Особенно тяжелый подвиг налагают на христианина обязанности начальника. «Начальствующий (поется на стихире в Великий вторник) должен быть, как подначальный»; быть начальником значит быть меньше всех, всем служить. Болий вас, говорит Христос, да будет всем слуга. И Господь за тем пришел, чтобы всем служить и «положить душу Свою за многие души». Несомненно, что этот подвиг, окруженный массою соблазнов, для смиренного христианина, наиболее тяжел, в виду чего многие из таких смиренных людей отказывались от роли начальника. Так, например, преп. Сергий долго не хотел принимать сан игумена, а св. Тихон Задонский тяготился омофором епископа. Отсюда опять не следует, что существующие должности и власти должны быть устранены, а следует лишь то, что на означенные должности желательно иметь истинных христиан, каковы были названные святые и множество других праведников, оставивших по себе память добрых начальников и мудрых правителей.

Равно также весьма желательно, в интересах высшего блага, иметь в подчинении достойных христиан. Это тем более важно, что при настоящих условиях жизни гораздо больше является желающих начальствовать, нежели подчиняться.

Стремления подобного рода и желание «властвовать друг над другом» могло развиться в каждом из нас от нехристианского взгляда на цель жизни и в ложном понятии, что будто бы легче управлять, чем быть управляемым.

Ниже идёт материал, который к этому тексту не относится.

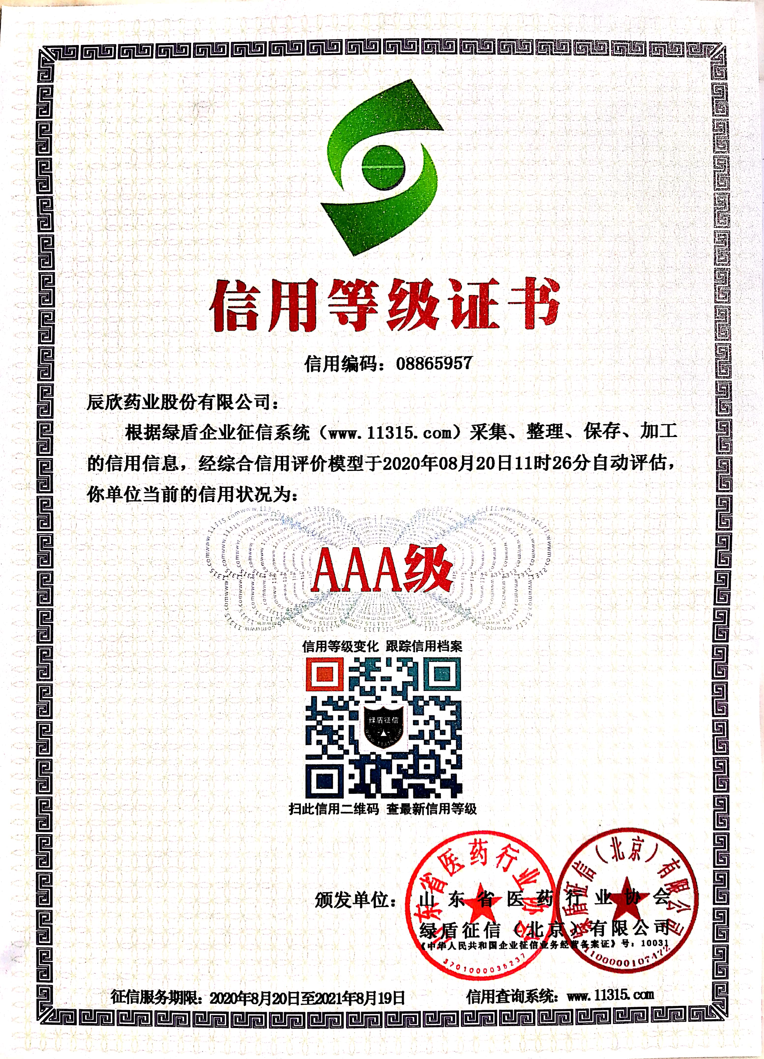 此次活動由山東省醫藥行業協會組織,旨在通過信用體系評定,規范行業秩序,加強全省醫藥行業信用體系建設,促進全省醫藥產業健康發展。此次信用評級工作依托第三方征信機構綠盾征信(北京)有限公司的企業征信系統數據,以及專家評審委員會評審意見,保證評級科學、真實、合理,最終確定受評企業的信用等級。

Всё это противоречит идее Царствия Божия. Как же избежать подобных противоречий? Избежать это можно воспитанием христианской воли в себе. Это, по-моему, один из наиважнейших современных вопросов жизни.

Проведите христианские начала прежде всего в семью, затем в школу и, наконец, в общество, с тем, чтобы эти начала были душою прогресса. И все ненормальности семейного и школьного воспитания, с его эгоизмом и карьеризмом во главе, отпадут.

При этом необходимым условием успеха семейного воспитания является непосредственное дружественное общение родителей с детьми; посредство нянек, бонн, гувернанток и гувернеров должно быть изгнано. Подобная же близость должна существовать между учащими и учащимися в школе. А так как школа должна быть помощницей семьи и собственно должна пополнять пробелы воспитания последней, то между нею и семьей непременно должен быть заключен тесный союз под знаменем воспитания христианской воли в человеке.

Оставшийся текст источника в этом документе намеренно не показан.